May 05, 2021
Arm recently released the product details of the Arm® Neoverse V1 and N2 platforms, both of which meet the various needs of infrastructure applications. These two platforms are designed to solve various workloads and application problems currently running. Compared with the previous generation N1, they bring 50% and 40% performance improvements, respectively. In addition, Arm also released CMN-700 as a key component for building high-performance SoCs based on Neoverse V1 and N2 platforms.
Neoverse V1: The widest micro-architecture + SVE vector operation.
Neoverse V1 platform / Arm
Compared with the previous generation N1, Neoverse V1 brings 50% performance improvement, 1.8 times vector workload optimization, and 4 times machine learning workload optimization. Thanks to Arm's widest micro-architecture and SVE function so far, Neoverse V1 can accommodate more instructions in operation, prolong the code lifetime, and also provide flexibility for chip designers. Arm’s existing SIMD instruction set NEON is difficult to vectorize certain codes, while SVE can directly take the same code and automatically vectorize it well. Compared with NEON, SVE can increase the processing speed. Nearly 3.5 times.
HPC project that has used Neoverse V1 / Arm
At present, French chip company SiPearl, India's Ministry of Information Technology (MEITY) and South Korea's Electronics and Telecommunications Research Institute (ETRI) have all used Neoverse V1 in their HPC projects.
Neoverse N2: The first Armv9+SVE2 platform.
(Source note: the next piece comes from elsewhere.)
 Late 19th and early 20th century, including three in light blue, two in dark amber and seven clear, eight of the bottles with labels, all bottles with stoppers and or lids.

Neoverse N2 improves cloud to edge performance efficiency / Arm
Arm released the Armv9 architecture a few weeks ago to meet the global demand for ubiquitous dedicated processing capabilities, and the newly announced Neoverse N2 platform is the first platform based on the Armv9 architecture.
SVE2 / Arm
Compared with N1, Neoverse N2 maintains the same level of power and area efficiency, and its single-thread performance has increased by 40%. Not only that, Neoverse N2 is also the first platform with SVE2 functionality. As a superset of SVE and Neon, SVE2 brings a huge improvement in performance and efficiency from the cloud to the edge. SVE is mainly used to accelerate HPC, and SVE2 can be widely used in machine learning, digital signal processing, and 5G applications, while also having the advantages of SVE's ease of programming and portability.
CMN-700: The next generation bus empowers heterogeneous SoC.
Neoverse CMN-700 / Arm
As an upgrade of the previous generation CMN-600, the maximum number of cores supported by CMN-700 can reach 512. By supporting CCIX 2.0 and CXL 2.0, it also provides customers with more customization and expansion options, and provides greater flexibility for tightly coupled heterogeneous computing.
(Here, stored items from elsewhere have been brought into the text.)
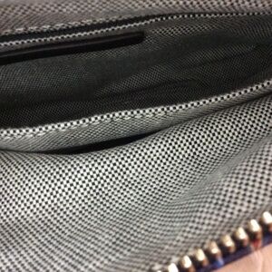 Pretty floral-printed vinyl trimmed with luxe leather with silver hardware and a removable chain strap. It has a detachable chain and leather shoulder strap with a 22½" drop. Bag has a top zip closure and two inside open pockets. One outside zip pocket with hooked flap. Bottom has four protective metal feet. Cotton lined. Bag measures 9"W x 6.5"H x 2"D. Dust cover and care card included.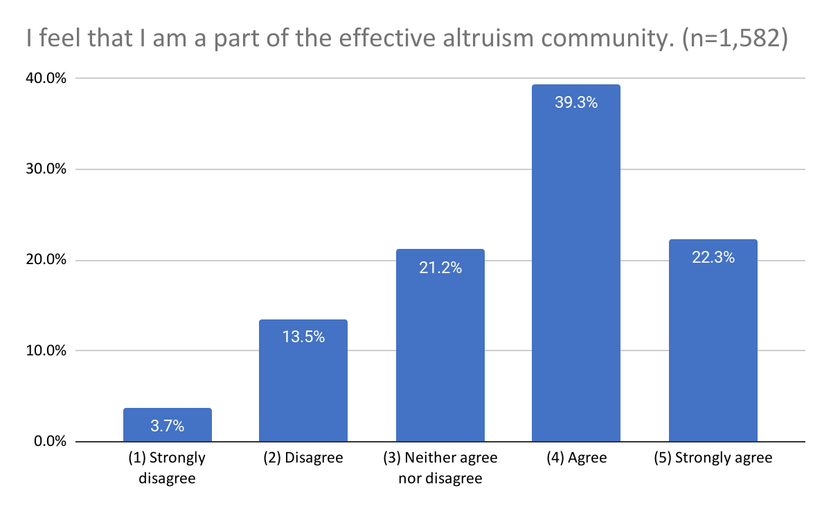 Likewise, a majority (61.6%) reported agreement that they “feel [they are] a part of the effective altruism community.” It’s not entirely clear how this should be interpreted, since it’s not entirely clear what being part of the effective altruism community means, and we suspect respondents may have interpreted this in a wide variety of different ways.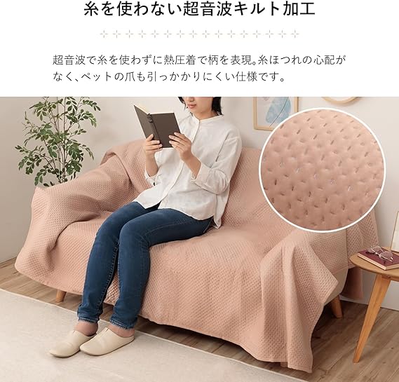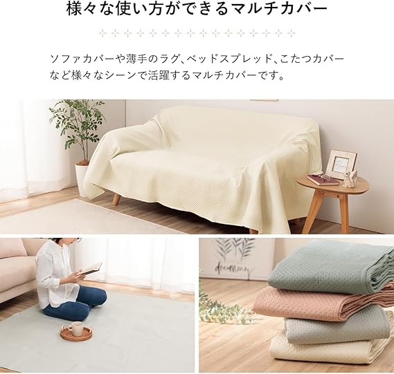 【商品紹介】生地はサラッとした肌触りで、季節を問わずオールシーズン使えるマルチカバー。ソファカバー、ベッドスプレッド、ラグカバー、こたつ布団の上掛けなど様々なシーンで活躍します。

Trends in heterogeneous computing
With the gradual development of heterogeneous computing, we have seen many trends in the combination of CPUs and GPUs. For example, Nvidia's recently announced Grace chip based on Arm Neoverse is a CPU for AI supercomputing. Nvidia uses self-developed NVLink technology for interconnection technology, not PCIE. Chris Bergey, senior vice president and general manager of the Arm Infrastructure Division, mentioned that interconnecting with diversified accelerator functions, such as AI accelerators, is critical for the future market. For example, CMN-700 already supports interconnection standards such as CXL and CCIX. In the future, Arm expects to bring more flexibility to the market and support more systems like Grace.
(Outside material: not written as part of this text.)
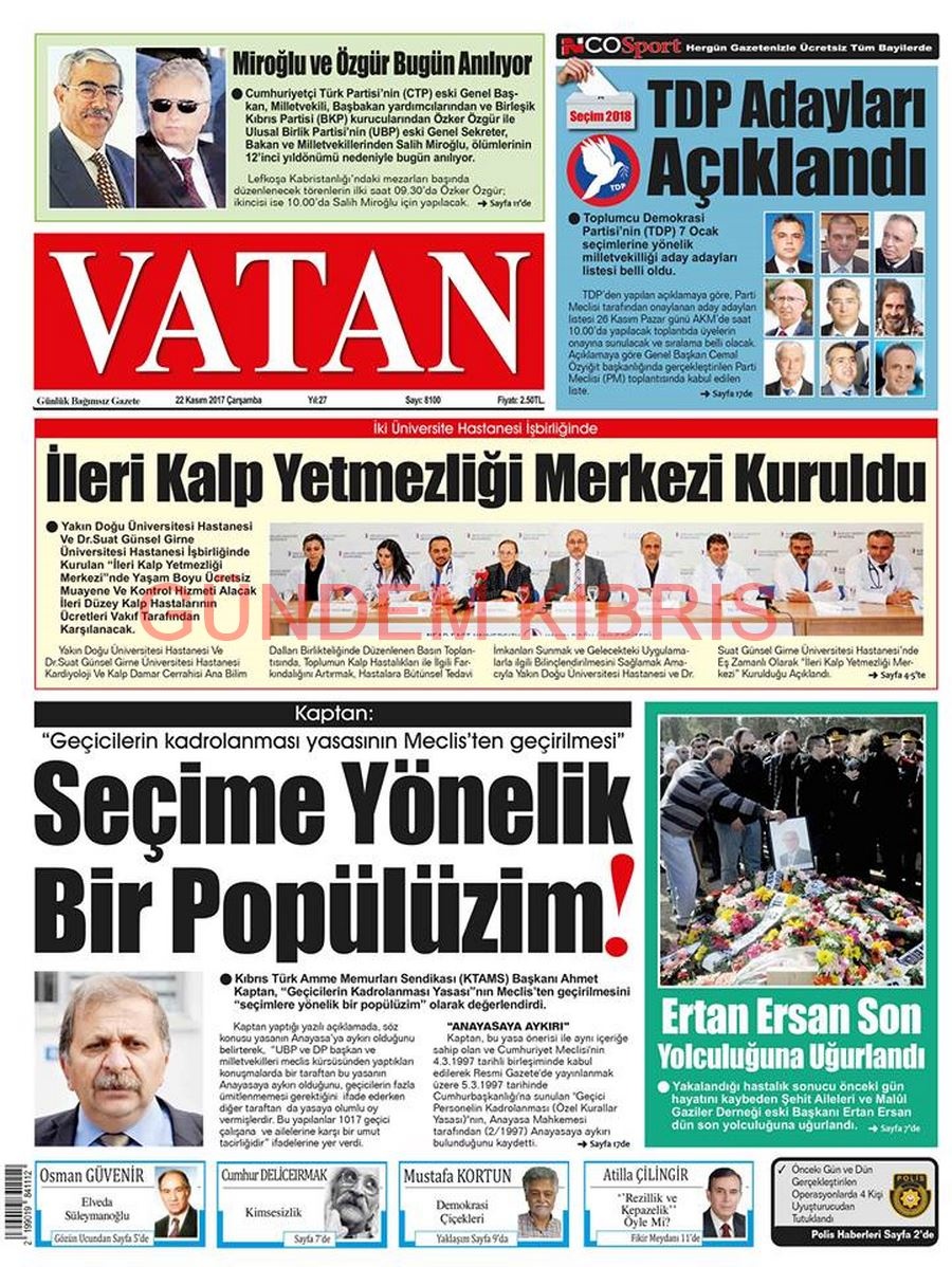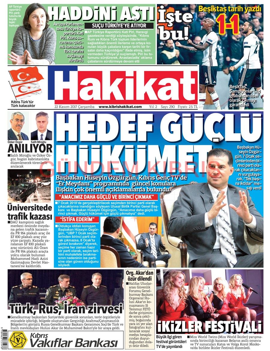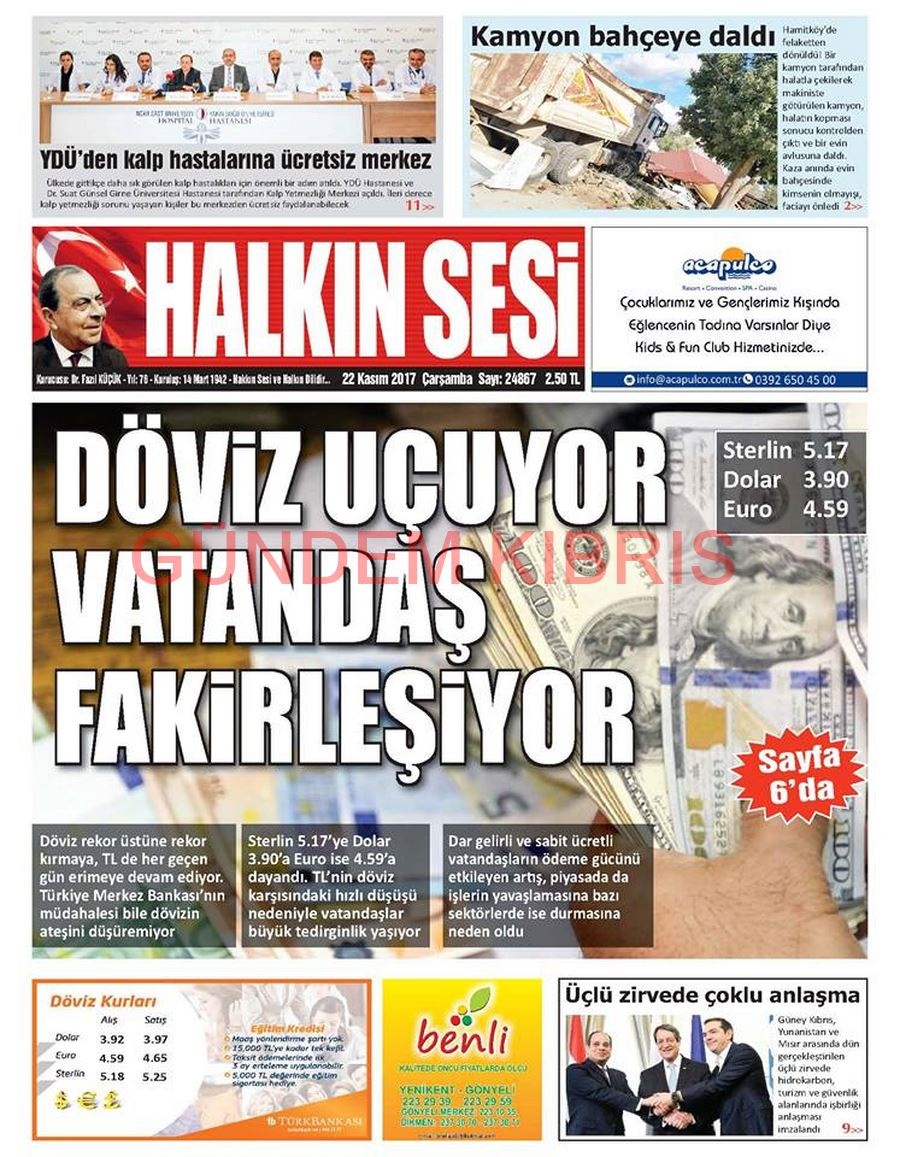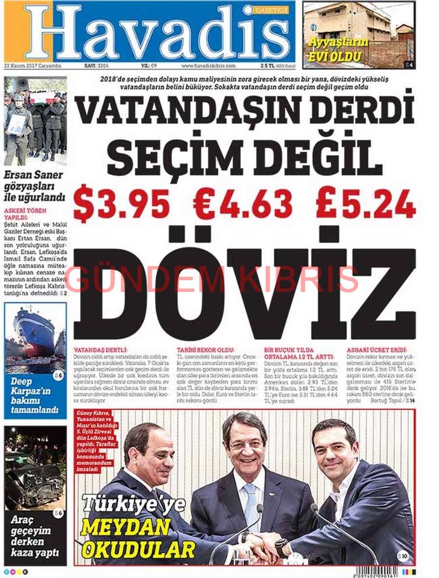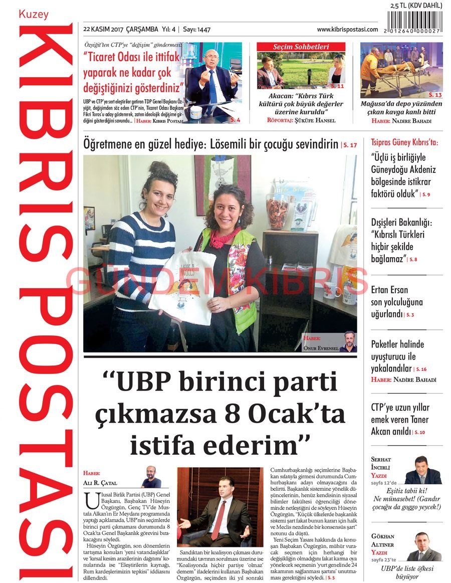 KKTC Gazete Manşetleri 22 Kasım 2017

This heterogeneous trend also includes FPGAs. Zou Ting, senior global director of Arm Infrastructure Division, added that there are already partners that use Neoverse N2 and FPGA accelerator cards in heterogeneous computing systems. Some Arm partners also put FPGA accelerator and N2 on one chip to make SoC, and realize the flexibility of heterogeneous computing through Chiplet's technology.
Widespread use of public cloud
Tencent Cloud adds to the Arm ecosystem / Arm Tencent Cloud
The wide application of Neoverse is especially obvious among public cloud vendors, such as AWS, Alibaba Cloud, and Tencent Cloud. Huang Wenxin, director of Tencent's special testing technology center, mentioned that Tencent and Arm formally signed a cooperation agreement last year, hoping to accelerate the evaluation and adaptation of Arm Neoverse technology through cooperation. Through the TencentBench test framework, it is found that thanks to more scalable CPU cores, the Arm server performs better than traditional servers, especially in the areas of AI inference and image processing.
Arm architecture improves Java performance / Arm Alibaba Cloud
Alibaba chief engineer Kingsum Chow said: In terms of Arm’s CPU resources, there will be two considerations in our existing software. One is that some of our software needs to be recompiled, and the other does not need to be recompiled. To compile, we only need to run Java applications on the JVM (Java Virtual Machine). In this regard, a year ago, we worked with Arm employees to improve the performance of the JVM. In the past year, we have increased the performance of some of our existing Java applications by 50% from JDK8 to JDK11, through OpenJDK, and through Alibaba Dragonwell (a release of OpenJDK).